TIDAK perlu sumpah: saya sudah menyiapkan tulisan tentang perang di jalur Gaza.
Lalu saya baca komentar Bung Mirza Mirwan: saya mundur. Tulisannya tentang Hamas bagus sekali. Lebih bagus dari seandainya saya jadi menulis soal Gaza.
Saya menyadari: pengetahuan saya tentang perang di Gaza sama dengan pengetahuan Anda.
Sama-sama mengandalkan berita media mancanegara. Kalau toh beda-beda tipis hanya keterlibatan emosinya.
Tulisan Pak Mirza terasa lebih bersimpati pada Palestina. Kalau saya yang menulis mungkin tidak bisa semenarik itu.
Saya tahu: tulisan yang menarik adalah yang ada campuran emosi di dalamnya. Pun saya. Tidak bisa lepas dari emosi itu.
Hanya saja karena terbiasa sebagai wartawan saya harus berusaha imbang. Pasti tidak bisa 100 persen. Setidaknya ada berusaha –dan sering gagal.
Dalam perang kali ini hati nurani tidak bisa dimungkiri: militan Palestina menyerang duluan.
Tiba-tiba. Tidak disangka. Berhasil menerobos perbatasan disway.id/listtag/3338/israel”>Israel di bagian selatan.
Aneh. Perbatasan yang dijaga ketat bisa diterobos. Betapa kuat serangan militan Palestina ini. Betapa lengah penjagaan perbatasan.
Saya harus mengikuti pemberitaan media yang pro Israel juga. Ingin tahu dari sisi sana.
Umumnya mirip: banyak menampilkan sisi penderitaan manusia yang kampungnya diserang dan diduduki militan Palestina. Warga sipil. Wanita. Anak-anak.
Media pro Palestina juga menampilkan sisi penderitaan manusia di Palestina. Warga sipil. Wanita. Anak-anak. Yakni ketika Israel membalas serangan itu lebih dahsyat. Dengan kekuatan militer negara. Masih dibantu Amerika, Inggris dan Jerman.
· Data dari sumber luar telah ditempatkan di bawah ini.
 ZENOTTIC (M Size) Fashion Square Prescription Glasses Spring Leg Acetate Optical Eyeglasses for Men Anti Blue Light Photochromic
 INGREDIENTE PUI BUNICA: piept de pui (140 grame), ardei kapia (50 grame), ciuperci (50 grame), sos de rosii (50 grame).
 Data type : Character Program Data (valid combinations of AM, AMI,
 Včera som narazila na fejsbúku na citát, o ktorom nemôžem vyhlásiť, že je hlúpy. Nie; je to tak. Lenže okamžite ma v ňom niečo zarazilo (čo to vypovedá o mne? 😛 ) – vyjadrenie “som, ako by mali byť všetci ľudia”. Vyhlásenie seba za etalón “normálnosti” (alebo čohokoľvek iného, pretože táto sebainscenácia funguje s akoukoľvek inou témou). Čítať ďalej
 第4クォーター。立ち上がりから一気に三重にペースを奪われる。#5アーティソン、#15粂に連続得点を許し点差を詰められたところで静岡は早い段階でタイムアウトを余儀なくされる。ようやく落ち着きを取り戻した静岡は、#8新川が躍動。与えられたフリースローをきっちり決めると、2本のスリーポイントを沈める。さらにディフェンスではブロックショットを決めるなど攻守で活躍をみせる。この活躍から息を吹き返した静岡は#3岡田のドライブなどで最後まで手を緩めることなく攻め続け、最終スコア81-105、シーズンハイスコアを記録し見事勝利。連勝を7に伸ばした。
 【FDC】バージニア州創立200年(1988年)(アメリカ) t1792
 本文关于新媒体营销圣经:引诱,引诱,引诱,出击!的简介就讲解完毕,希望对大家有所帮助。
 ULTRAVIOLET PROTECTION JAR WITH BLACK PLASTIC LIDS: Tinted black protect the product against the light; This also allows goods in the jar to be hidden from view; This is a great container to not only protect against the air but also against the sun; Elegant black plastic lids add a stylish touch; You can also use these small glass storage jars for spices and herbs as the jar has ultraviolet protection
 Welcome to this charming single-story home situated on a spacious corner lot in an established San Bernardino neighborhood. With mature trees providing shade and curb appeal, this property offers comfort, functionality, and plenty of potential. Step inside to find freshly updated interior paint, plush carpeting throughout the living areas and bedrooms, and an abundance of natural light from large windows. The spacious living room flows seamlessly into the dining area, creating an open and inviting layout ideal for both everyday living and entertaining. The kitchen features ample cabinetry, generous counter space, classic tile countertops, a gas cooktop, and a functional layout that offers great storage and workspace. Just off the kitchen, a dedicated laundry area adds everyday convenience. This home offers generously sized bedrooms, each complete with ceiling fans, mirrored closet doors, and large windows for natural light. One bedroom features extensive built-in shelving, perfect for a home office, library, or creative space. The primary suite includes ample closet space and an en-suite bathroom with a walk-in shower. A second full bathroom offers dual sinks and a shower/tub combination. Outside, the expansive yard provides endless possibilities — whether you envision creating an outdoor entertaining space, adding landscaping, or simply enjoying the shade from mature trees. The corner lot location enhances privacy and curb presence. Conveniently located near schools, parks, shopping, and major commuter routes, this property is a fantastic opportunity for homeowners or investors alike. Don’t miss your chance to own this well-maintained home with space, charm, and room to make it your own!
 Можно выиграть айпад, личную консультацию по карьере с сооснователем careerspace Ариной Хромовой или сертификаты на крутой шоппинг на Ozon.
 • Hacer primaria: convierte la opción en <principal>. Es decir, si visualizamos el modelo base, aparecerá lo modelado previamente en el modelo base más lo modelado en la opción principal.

Kekuatan pun menjadi tidak imbang. Yang bergerak di Palestina hanya unsur militan. Sekitar 50.000 orang. Di sisi Israel yang bergerak seluruh militer dan polisi negara: sekitar 500.000.
Maka tugas saya menjadi sangat ringan. Terutama di saat sangat sibuk belakangan ini.
Bung Mirza telah membuat pembaca Disway tidak ketinggalan isu besar. Komentar dari Bung Baihaqi kemarin pun terjawab.
Saya jadi teringat komitmen tahun lalu: perlunya dibuka rubrik khusus untuk menampung tulisan-tulisan pembaca. Setelah dibuka hasilnya kecewa: tidak ada yang berminat. Tidak ada tulisan yang dikirim.
Tapi saya tidak kecewa. Belakangan banyak sekali komentar yang sangat berbobot. Sampai bingung memilih.
Dulu saya batasi maksimum memilih 29 komentar. Alasannya: teknis. Melebihi 29 tidak bisa saya kirim. Sudah begitu susah memilih akhirnya ”hilang”. Harus memilih lagi. Kirim lagi.
Belakangan kuota 29 itu diperlonggar. Beberapa hari lalu saya memilih lebih dari 36. Sulit mengurangi jadi 29. Ternyata kuota 29 itu sudah diubah Google. Kirim 36 pun bisa sekaligus.
Ide pembaca kemarin baik sekali: buka kolom ”like”. Saya tidak harus membaca semua komentar. Tidak harus memilih. Tapi saya tidak mau seperti itu.
Saya ingin membaca sendiri semua komentar. Saya sering terhibur. Juga sering tersinggung. Campur aduk. Semua itu bagus untuk latihan mengendalikan emosi. Juga baik untuk latihan tahu diri.
Saya setuju dengan komentar pekan lalu: jumlah komentar yang jenaka menurun. Saya semakin jarang tertawa sendirian.
Tentu manusia memerlukan sisi-sisi hiburan. Pun kalau manusia itu bernama Gibran.
Maka saya juga sering memilih komentar aneh sebagai komentar pilihan. Saya tahu ada yang protes. Tapi hidup tidak boleh selalu dalam tegangan tinggi. Bisa meledak.
Rasanya rubrik baru tidak usah dipaksa hidup. Kita kubur saja. Pemakamannya bisa dilakukan di pertemuan perusuh tanggal 15 atau 16 Desember.
Biarlah tulisan bagus dari bung-bung Liang, Liam Then, Zuve Zhang, Jimy Marta, Soedjoko Sp, Handoko, Thamrin Dahlan, Udi Salemo dan banyak lainnya tetap bercampur di komentar.
Bisa jadi rujak cingur: ada pedasnya, manisnya, asinnya, dan ada nikmatnya.
Tulisan Liang misalnya: bagi saya sangat penting. Bisa menutupi kelemahan saya: lemah di bidang musik.
Saya tidak mengerti musik sama sekali. Kasihan pembaca Disway yang kangen musik. Untung ada bung Liang. Bung Liang begitu kaya literatur.
Maka saya bukan lagi hanya penulis Disway. Saya juga pembaca Disway. (Dahlan Iskan)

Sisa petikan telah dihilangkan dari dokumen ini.